Aún con esos sistemas de observación, como dice la ingeniera de la Universidad de California, no estamos preparados. Ahora no hay un protocolo global establecido. Por eso urge — como ya lo han hecho otros en el pasado — a que se realice un estudio y modelado de los efectos en todas las industrias, para saber así realmente cuál sería la escala del impacto y establecer un protocolo mundial para alertar a todo el mundo e intentar minimizar daños.

placeholder Erupción solar en varias frecuencias capturada por el SDO de la NASA
Erupción solar en varias frecuencias capturada por el SDO de la NASA

Ahora mismo, Abdu Jyothi es categórica sobre nuestro grado actual de defensa: “nuestra infraestructura no está preparada para un evento solar de gran magnitud”. Pues nada. Esperemos que esta vez los políticos y fuerzas económicas globales no ignoren a los incómodos agoreros — como ya hicieron con los que advirtieron de la posibilidad de una pandemia o el cambio climático — y acabemos todos de vuelta en el siglo XIX.

Necesitamos acción urgente

Pocas esperanzas tengo, porque los “agoreros” del cambio climático en 2004 incluyeron al Pentágono, que lo califica como la mayor amenaza mundial para la seguridad de los Estados Unidos. El gobierno americano — después de la crisis del ébola de 2014 — también identificó el riesgo de pandemia como otro peligro urgente y estableció un sistema de detección y un protocolo de control que el nefasto Donald Trump se encargó de desmontar nada más llegar al poder.

La única esperanza para que se haga algo ya es que sufriremos todos, incluyendo los billonarios. Ni tratamientos especiales, ni búnkers en Nueva Zelanda. Como el resto, los billonarios se podrían quedar sin todo su dinero. Y los que sostienen sus vidas tampoco tendrían razones para seguir haciendo su trabajo. En este barco nos hundiríamos todos.
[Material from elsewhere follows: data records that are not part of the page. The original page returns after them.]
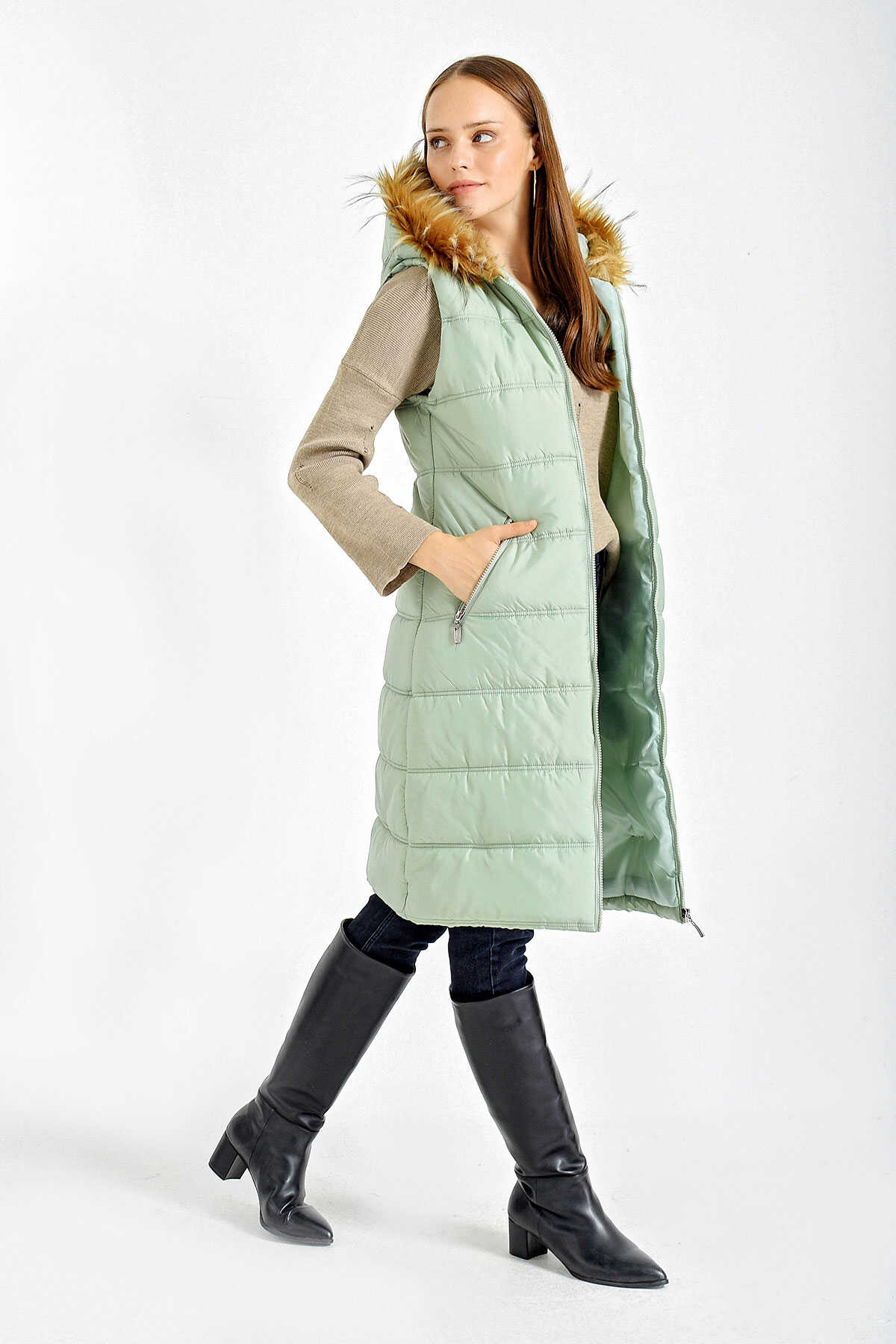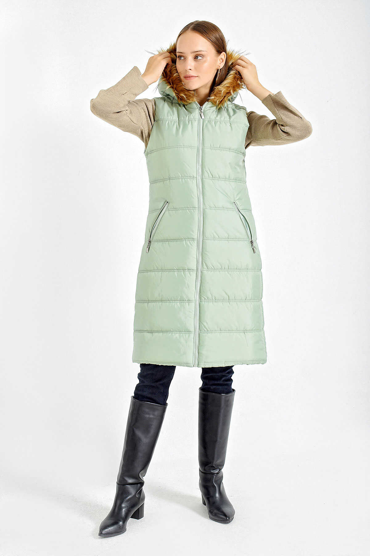 KAPSONU KÜRKLÜ SISME YELEK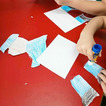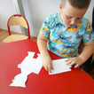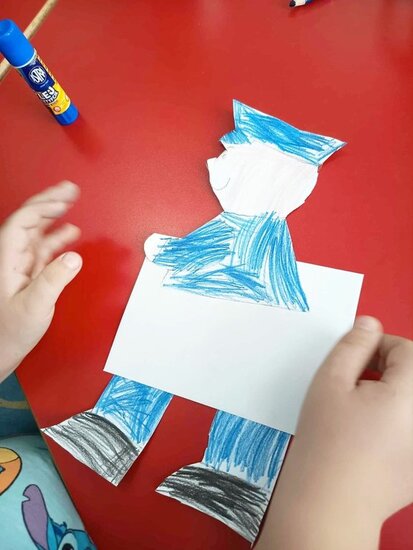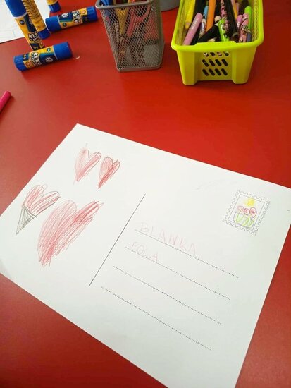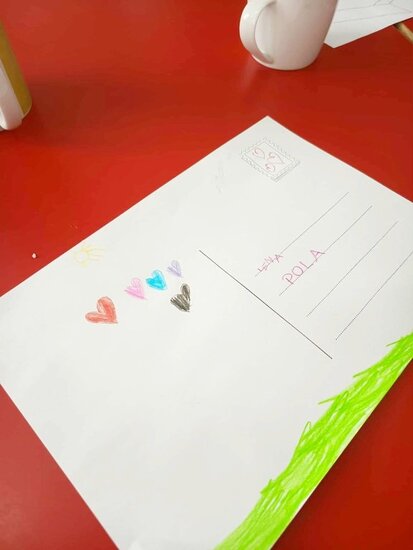 Następnie przystąpiliśmy do zajęć praktycznych. Dzieci stworzyły własną kartkę pocztową oraz papierowego listonosza z kopertą. Po wykonaniu zadania, każdy przedszkolak zaadresował list, włożył go do koperty, którą trzymał nasz papierowy listonosz. Wszyscy byli bardzo zadowoleni z efektów swojej pracy.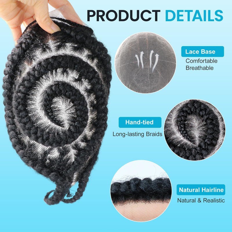 Cap Size: 8x10inch (width x length) Cornrow Box Braids Toupee hair For Men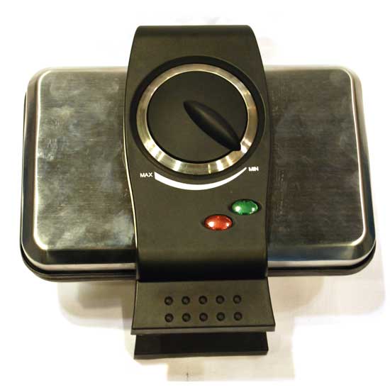 This waffle maker is equipped with non-stick cooking plates for easy cleaning. The cover features a large rotary temperature-control knob. Make delicious waffles with this easy-to-use waffle maker.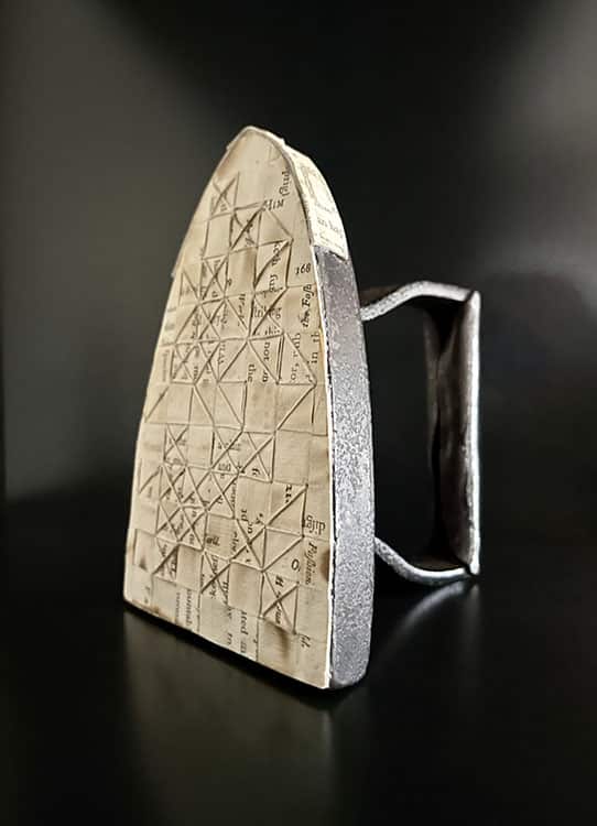 antique sad iron, scorched linen thread and paper: pages by Hannah More, 1791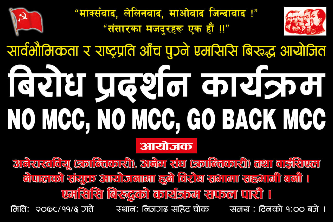एमसीसीको विरोध माओवादी केन्द्रले भोली निजगढमा प्रदर्शन गर्ने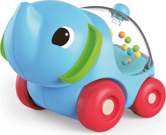 Šis spalvingas barškutis–drambliukas ant ratukų yra idealus pirmasis važiuojantis žaislas kūdikiams. Judant skleidžia barškėjimo garsą, kuris motyvuoja vaikus tyrinėti, ropoti ir pirmą kartą stumti žaislą prieš save.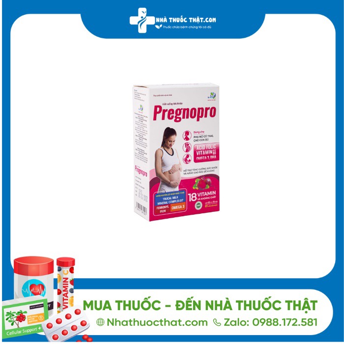 Viên uống Multivita Pregnopro đã được Cục ATTP – Bộ Y tế cấp phép với công dụng hỗ trợ nâng cao sức đề kháng cho phụ nữ có thai, cho con bú, hỗ trợ bổ sung DHA, EPA, Vitamin (B1,B2, PP, B5, B6, Biotin, Acid folic, B12, C, D, E) và khoáng chất (Sắt, Kẽm, Iod) cho cơ thể.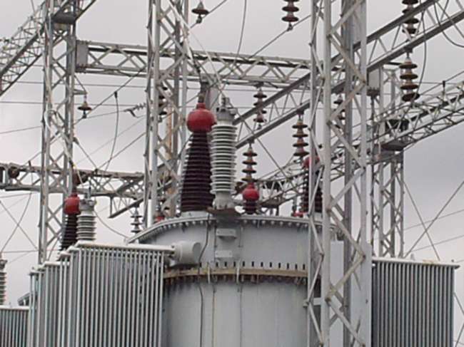 Close up of one of the transformers. Note the line insulated by single discs. Ground wire ? There's a drop to each transformer.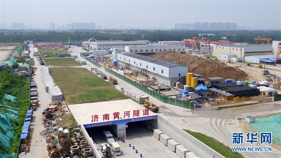 這是7月29日拍攝的“萬(wàn)里黃河第一隧”——濟(jì)南黃河隧道工程施工工地(無(wú)人機(jī)照片)。新華社記者王凱攝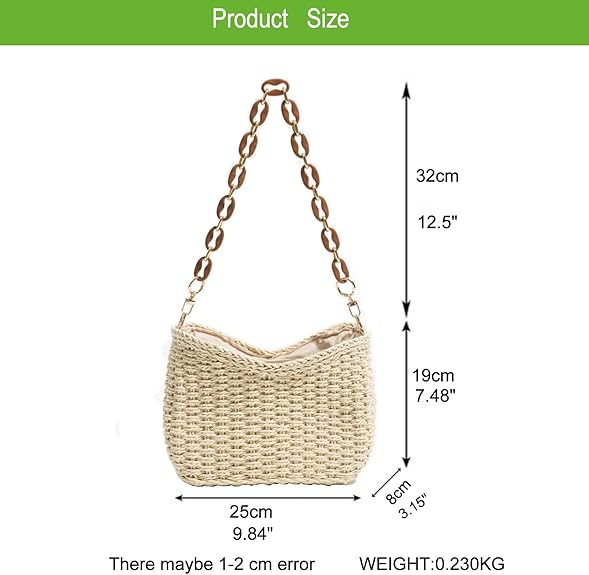 Small Straw Bag:L x W x H: 9.8 x3.1 x7.2 inch(not include strap), which is perfect for holding cellphones, wallet, sunglasses, cosmetics, folding umbrella and other personal items.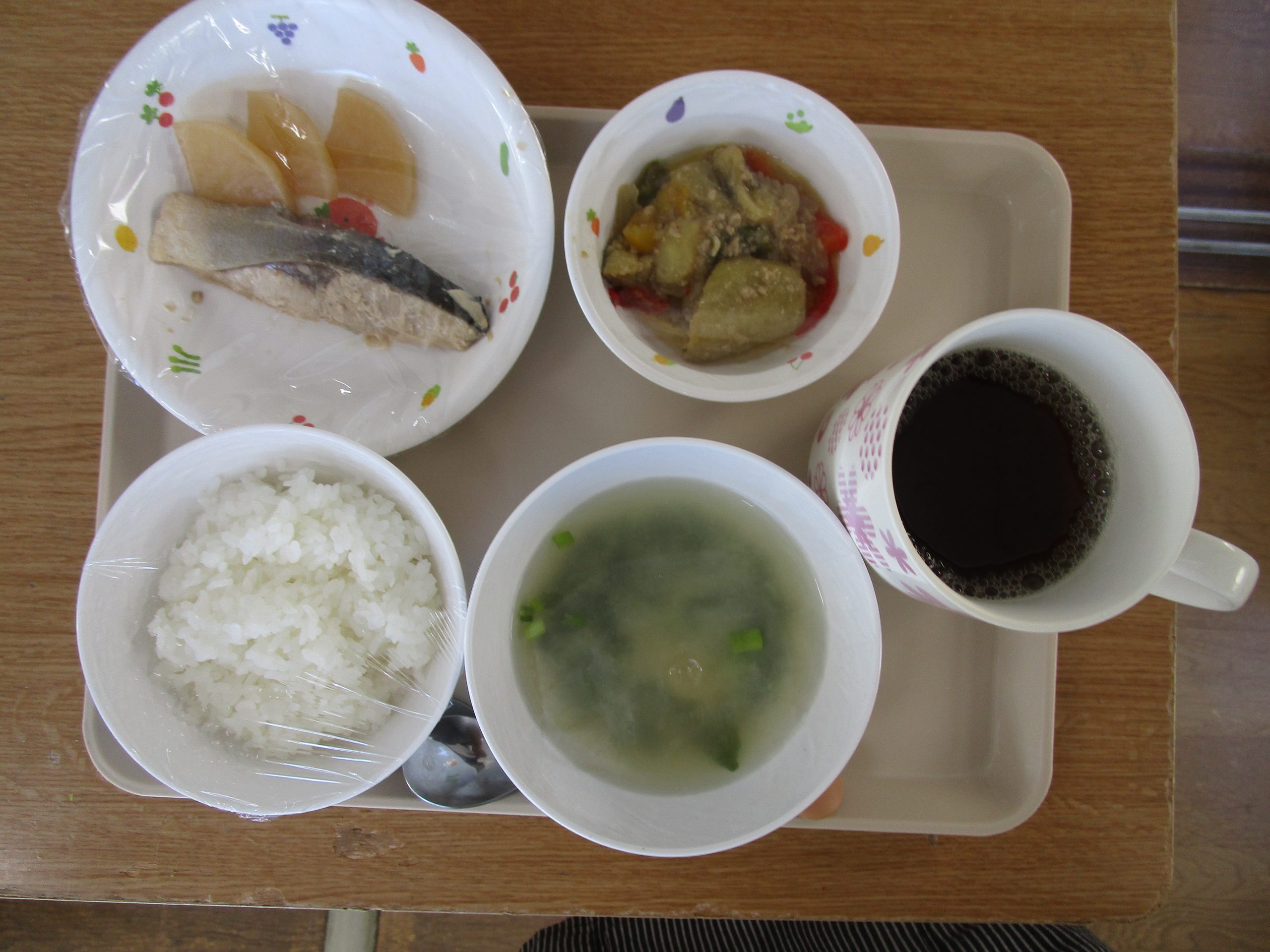ごはん・ぶり大根・なすとピーマンの味噌炒め・みそ汁(わかめ・小ねぎ・じゃがいも)

placeholder El fin de la civilización podría tener un comienzo así de bonito en todo el planeta
El fin de la civilización podría tener un comienzo así de bonito en todo el planeta

Una gran tormenta solar no nos mataría como un virus o un huracán de fuerza cuatro, pero podría ser un “reset” mundial de toda la humanidad. Como cuando el servicio técnico te dice que tienes que desenchufar y volver a enchufar el cable de alimentación para que te funcione bien el PC.

Excepto que, esta vez, el PC no volvería a funcionar ni aunque hubiera electricidad para arrancarlo.